When discussing between people, many assumptions are made. It is important to make those assumptions explicit.

For example, let us take a house. Can you picture it? Yes? How do you know that you are picturing the same house as me?

Let me describe you the house I was imagining and you tell me if it was the same:

My house had the following:

  • 243 square meters
  • 4 bedrooms
  • 3 windows
  • a chimney
  • 2 floors

You see the point! At this stage, I am pretty sure that at least one requirement from my house mismatched what you were thinking (or maybe, you had not even thought about it).

Whenever this happens it is important to make it explicitly.

As a French author Bernard Werber said:

Entre ce que je pense, ce que je veux dire, ce que je crois dire, ce que je dis, ce que vous avez envie d’entendre, ce que vous croyez entendre ce que vous entendez, ce que vous avez envie de comprendre, ce que vous croyez comprendre, ce que vous comprenez, il y a dix possibilités qu’on ait des difficultés à communiquer. Mais essayons quand même…

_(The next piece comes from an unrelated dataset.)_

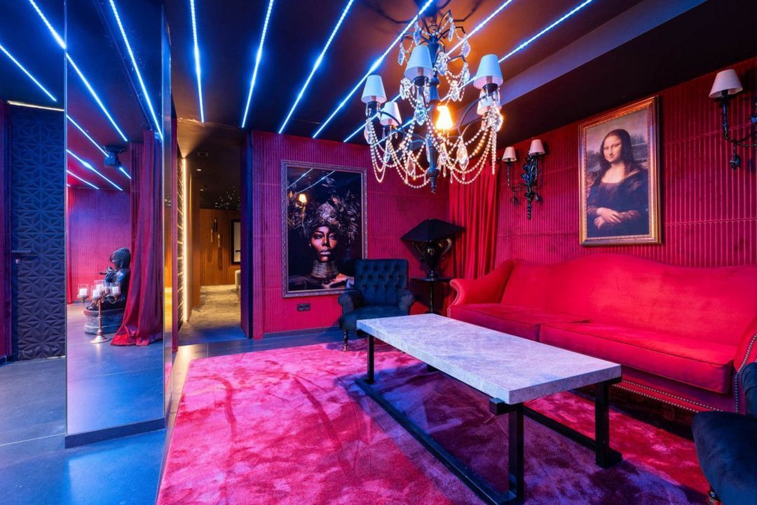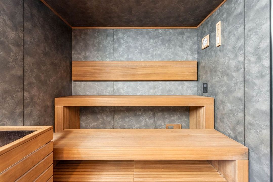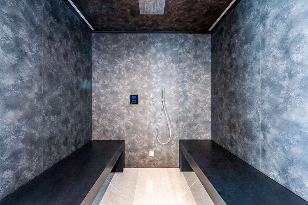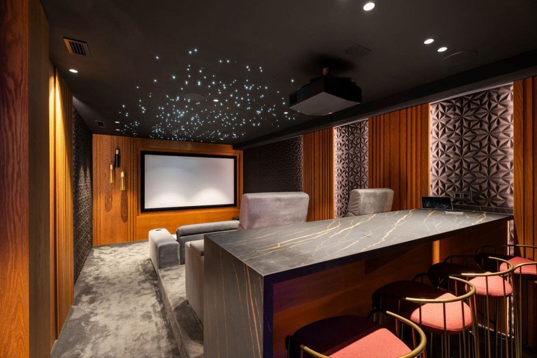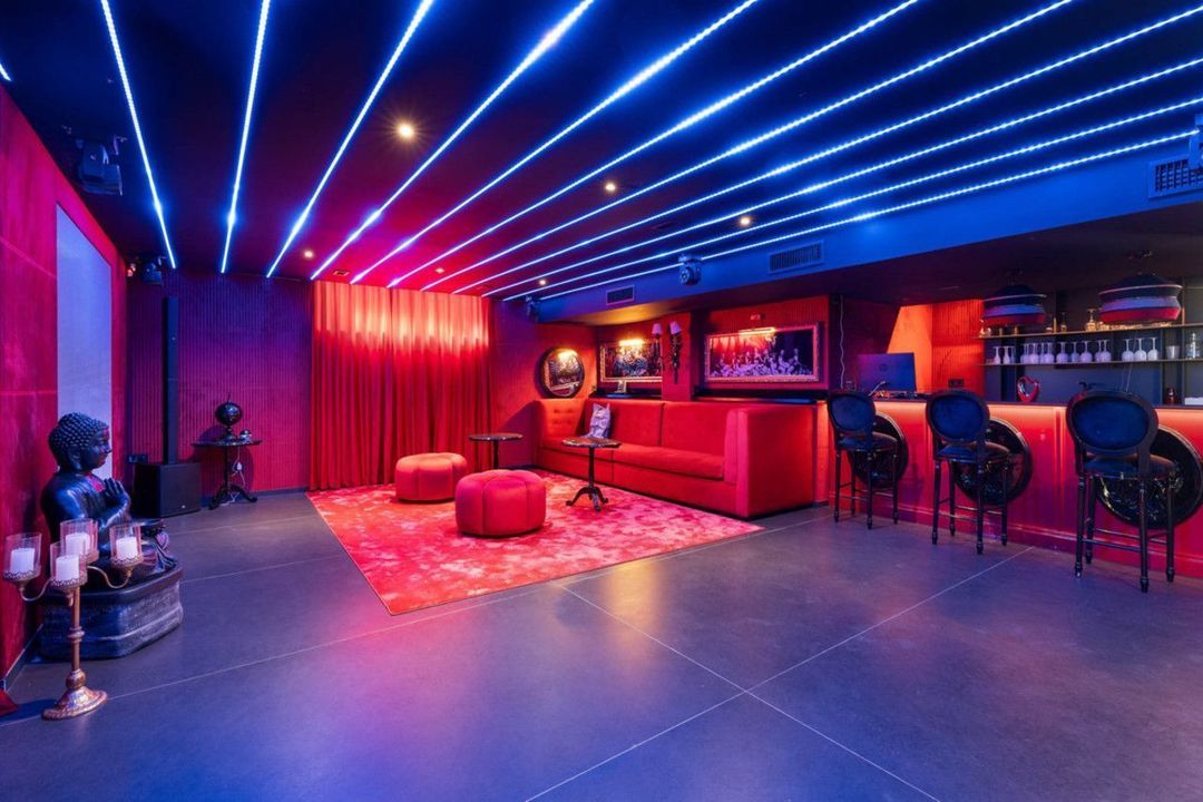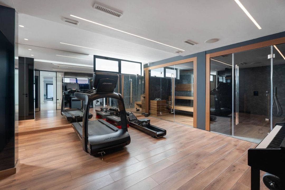 Het lagere niveau omvat de wellness- en ontspanningsruimtes, waaronder een bioscoop, fitnessruimte, sauna en een aparte ruimte voor bijeenkomsten. De woning beschikt tevens over een ruime garage met draaiplatforms voor eenvoudige manoeuvres.

Which roughly translates to

Between what I think, what I want to say, what I believe I say, what I say, what you want to hear, what you believe to hear, what you hear, what you want to understand, what you think you understand, what you understand…They are ten possibilities that we might have some problem communicating. But let’s try anyway…

Conclusion

When defining a problem, defining requirements, it is extremely important to be explicit about everything.